TRY IT:
As you reproduce every line below, keep it exactly as written and leave out the images.

INFORMATION SUPPLIED:

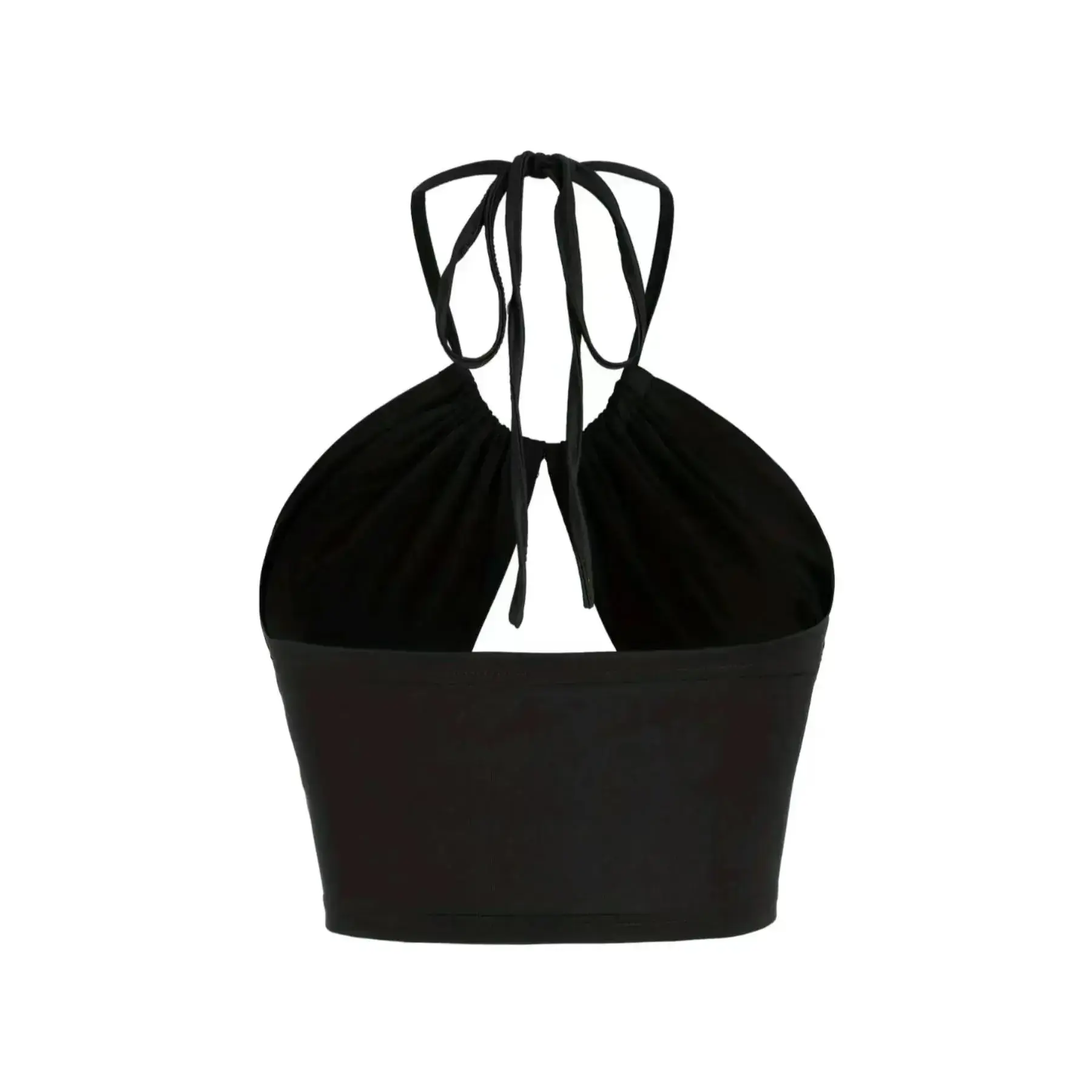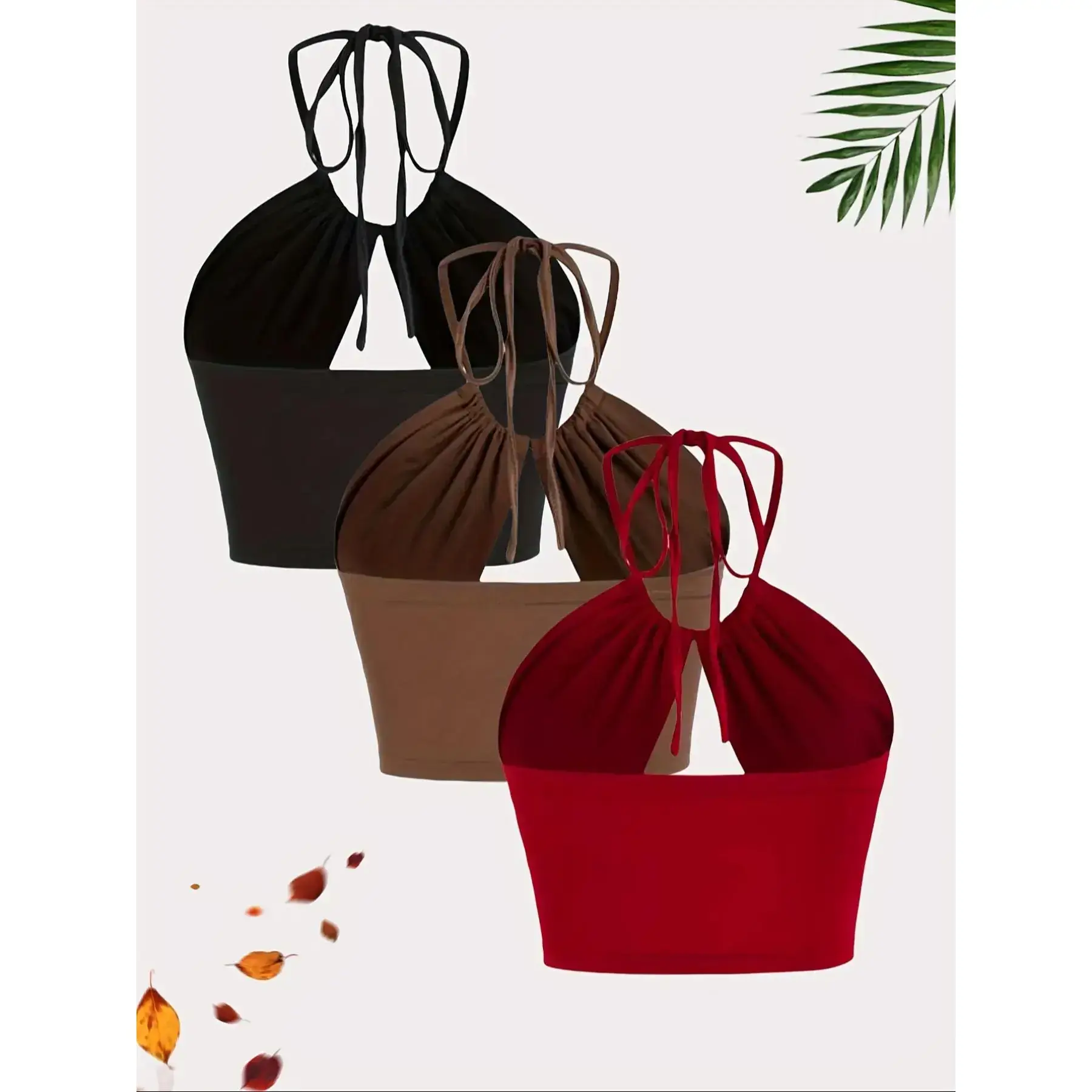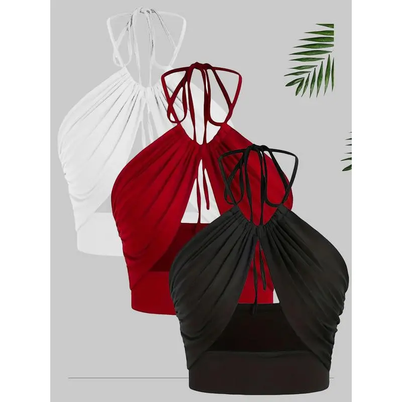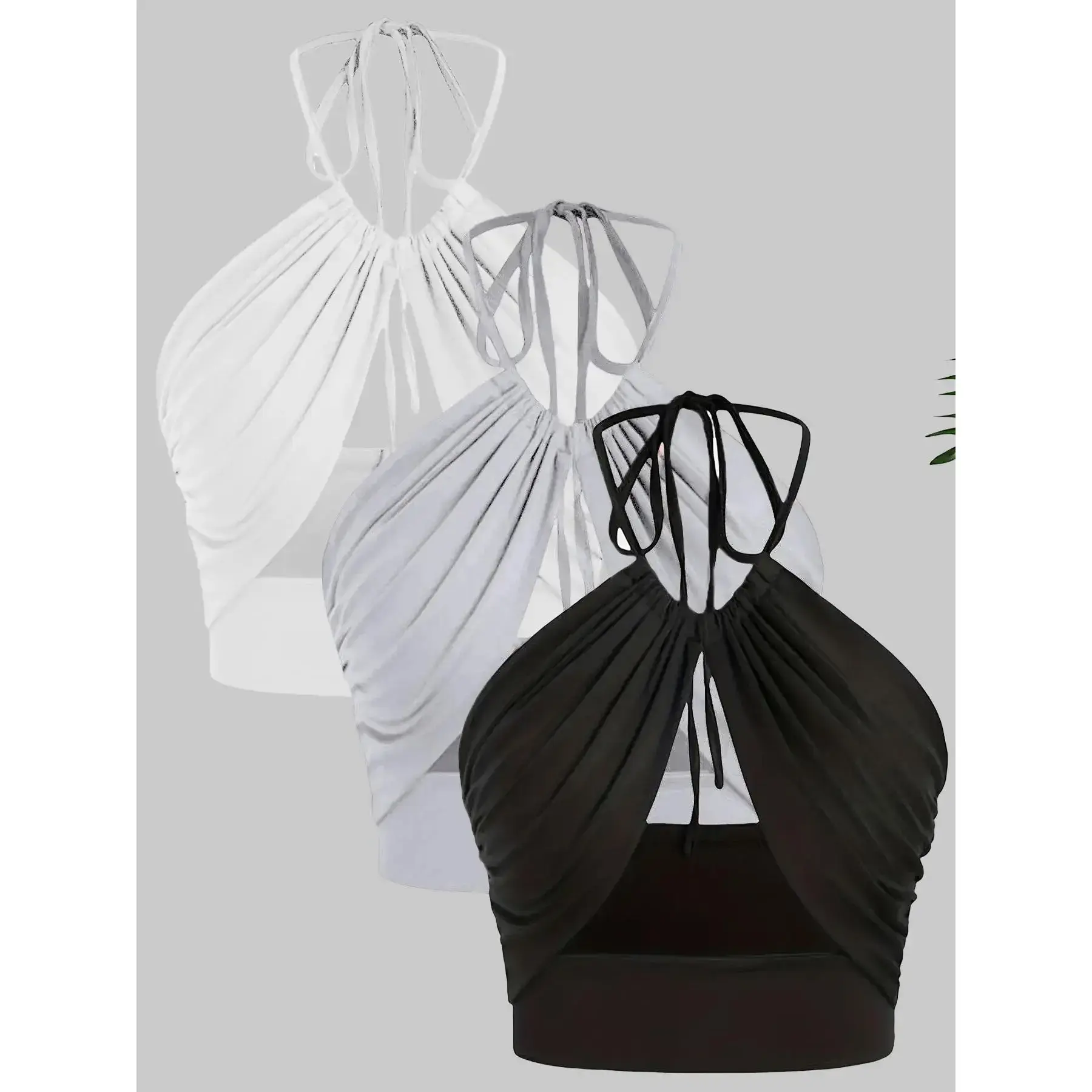 Women's Solid Color Ruched Cut Out Halter Neck Top, Fashion Casual Minimalist Tie Backless Sleeveless Top for Daily Outdoor Wear, Women Clothing for Summer
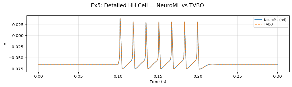 title= "Ex5: Detailed HH Cell — NeuroML vs TVBO" ,
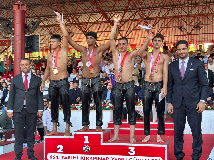 Gümüşdağ, Er Meydanı’nda düzenlenen ödül töreninde kürsüye çıktı. Gümüşdağ’a madalya ve ödülleri takdim edilirken; genç pehlivan Edirne güreşi için önemli bir başarıya imza attı.

SOLUTION TO THIS PROBLEM:
 Women's Solid Color Ruched Cut Out Halter Neck Top, Fashion Casual Minimalist Tie Backless Sleeveless Top for Daily Outdoor Wear, Women Clothing for Summer
 title= "Ex5: Detailed HH Cell — NeuroML vs TVBO" ,
 Gümüşdağ, Er Meydanı’nda düzenlenen ödül töreninde kürsüye çıktı. Gümüşdağ’a madalya ve ödülleri takdim edilirken; genç pehlivan Edirne güreşi için önemli bir başarıya imza attı.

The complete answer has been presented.